Epica

Epistemic Causal Agent Belief Runtime — an embeddable Rust library for formal causal belief revision in LLM agents.

What Epica does

Epica gives LLM agents a disciplined belief layer: a typed, revision-safe, contract-governed store with a cryptographically auditable trail and a continuous Bayesian-surprise monitor on top. Grounded in five 2026 arXiv papers, implemented across 12 Rust crates + 2 CLI binaries, fully tested end-to-end.

Four concrete capabilities this codebase delivers today:

Contradiction-aware belief updates with semantic-equivalence support. When new evidence contradicts an existing belief on the same key, AGM contraction (Alchourrón-Gärdenfors-Makinson 1985) applies a Core-Retainment-style minimal contraction over the belief's supporting premises before accepting the new value. Postulates K*2–K*6 are enforced as hard errors in all builds — K*6 (extensionality) is the real semantic postulate, not a structural stub: when an EmbeddingProvider is installed, paraphrases of the same intent are recognised as equivalent and do not trigger spurious revisions.
Dual-process uncertainty with continuous Bayesian-surprise monitor. System 1 propagates confidence through the causal graph via Noisy-OR. System 2 triggers async LLM reflection when confidence diverges from the reliability baseline. On top of those, an optional Active Inference / Free Energy monitor (Friston) tracks per-observation surprise against a homeostatic budget — the runtime can detect whole-agent drift that no individual contract invariant catches.
Tamper-evident audit trail with third-party-verifiable receipts. Every governance event is sealed into a BLAKE3 Merkle hash chain (AuditLedger). The epica-verify CLI emits and validates Ed25519-signed EvidenceReceipts — auditors can confirm offline that a ledger window was sealed by a specific prover and has not been edited since, with O(log N) per-entry Merkle proofs.
Reproducible benchmark harness with the 4 headline metrics.
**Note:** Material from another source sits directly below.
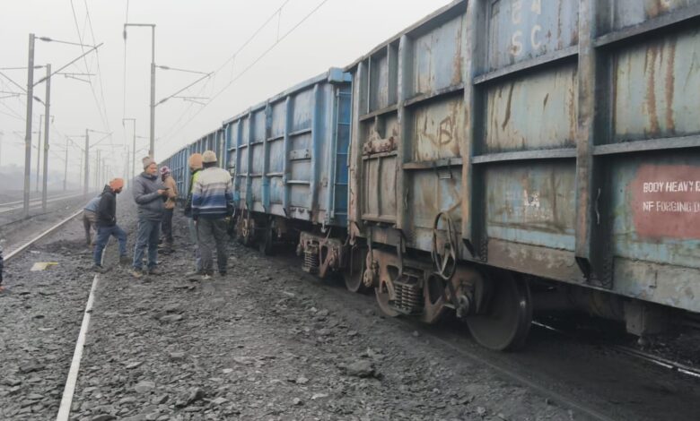 बालूमाथ (लातेहार)। धनबाद रेल मंडल के अंतर्गत टोरी-शिवपुर रेलवे लाइन स्थित बालूमाथ रेलवे स्टेशन के समीप सोमवार को बड़ा रेल हादसा टल गया. बीसीबीएम रेलवे कोयला साइडिंग पर एक मालगाड़ी अचानक पटरी से उतर गई. इस घटना में मालगाड़ी की दो बोगियां चार नंबर पटरी से नीचे उतर गईं. जिससे इस लाइन पर रेल आवागमन पूरी तरह ठप हो गया. हालांकि राहत की बात यह रही कि हादसे में किसी प्रकार की जान-माल की क्षति नहीं हुई. घटना के बाद क्षेत्र में अफरातफरी का माहौल बन गया और रेलवे सुरक्षा व्यवस्था को लेकर सवाल उठने लगे.

The epica-bench CLI runs deterministic ALFWorld-/WebShop-style synthetic trajectories and emits CSV + Markdown reports of BeliefShift (T-ECE), contract violations, free-energy mean, and insert latency p50/p95/p99. Numbers in docs/benchmarks/ are reproducible bit-for-bit across hosts.

Why this matters

LLM agents accumulate beliefs across tool calls, user turns, and environment observations. Standard memory layers (vector stores, session state, KV caches) do not:

detect when a new belief semantically contradicts existing ones,
propagate confidence changes through causal dependencies,
enforce typed policies on who may write, revise, or delete a belief,
produce an auditable trail an external party can verify without trust.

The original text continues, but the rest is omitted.